Убитый басмач, сухонький старичок с остроскулым изможденным лицом, лежал поперек рельсов. Высокий тельпек его свалился, обнажив бритую, с сабельными шрамами голову. Зеленая английская шинель распахнулась на груди, показывая рубашечную кольчугу. В одной из откинутых рук были зажаты янтарные четки.
— Лев ислама и стопобедный курбаши Мулла-Исса! — сказал негромко Мокроус. — Почему он себя стопобедным называл? Потому, что сто раз был бит Красной Армией?
Свинцовый залп
Сырой зимний день скрадывал дали, застилал их холодным туманом, и шум колчаковского обоза партизаны услышали раньше, чем увидели его. Стучали колеса, ржали кони, разговаривали простуженные голоса. А потом медленно выползли из тумана первые запряжки. Огромные, массивные, словно сошедшие с конных монументов, битюги тянули накрытые рогожами военные фуры. Партизаны насчитали десять фур. Последней ехала полевая кухня, дымившая, как маленький паровоз. Конвой, десяток “голубых уланов”, щеголевато одетых, но на тощих разномастных одрах, ехал по обе стороны обоза.
Когда передовая фура поравнялась с засадой, дружно ударили трещотки, изображавшие пулеметы, и захлопали жидко партизанские шомполки, обрезы и берданки. Испуганно взметнулись к небу вороньи свадьбы, и сорвались с ветвей тяжелые сырые комья снега. Но обозники не остановились. Напуганные рассказами о зверствах партизан, они принялись нещадно нахлестывать лошадей. Уланы, городские гимназистики и студентики, забыв о винтовках, думали только о бегстве, вместе с обозниками лупцуя битюгов в два кнута. Остановить обоз было легко, перестреляв лошадей. Но на чем потащишь тогда фуры в партизанский лагерь?
“А ведь уйдут колчаки”, — подумал папаша Крутогон, солдат царской службы, один в отряде имевший пехотную винтовку. Он принес ее с рижского фронта, мечтал таежничать с ней на медведей и сохатых, а таежничать пришлось на колчаковцев.

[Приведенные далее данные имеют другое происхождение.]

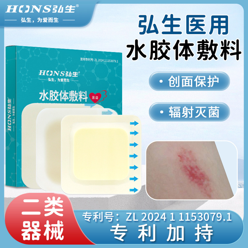 弘生水コロイド包帯に透明なエッジを敷いた泡シリコンゲルの人工皮が康楽保胸にシールを貼っています。

Иван Васильевич выстрелил навскидку, и хлеставший битюга улан свалился с седла. Дослав в ствол новый патрон, Крутогон выбежал на дорогу и вскинулся на мчавшуюся фуру. Навалившись грудью на ее высокий борт, он повис, беспомощно болтая ногами. Сейчас его можно было без труда пристрелить, но стрелять было некому. Ездовой скатился с козел и побежал в лес. Иван Васильевич потянулся к вожжам и увидел, что рогожа, прикрывавшая фуру, шевелится.
— Руки вверх! — заорал папаша Крутогон, целясь в рогожу.
Рогожа приподнялась, и показалась голова в летней кепке, сверху повязанная теплым бабьим платком. Потом появился плешивый собачий воротник дешевого городского пальто. Человек сел и вытащил глубоко засунутые в рукава, голые, красные от мороза руки, но не поднял их, а погрозил Крутогону пальцем.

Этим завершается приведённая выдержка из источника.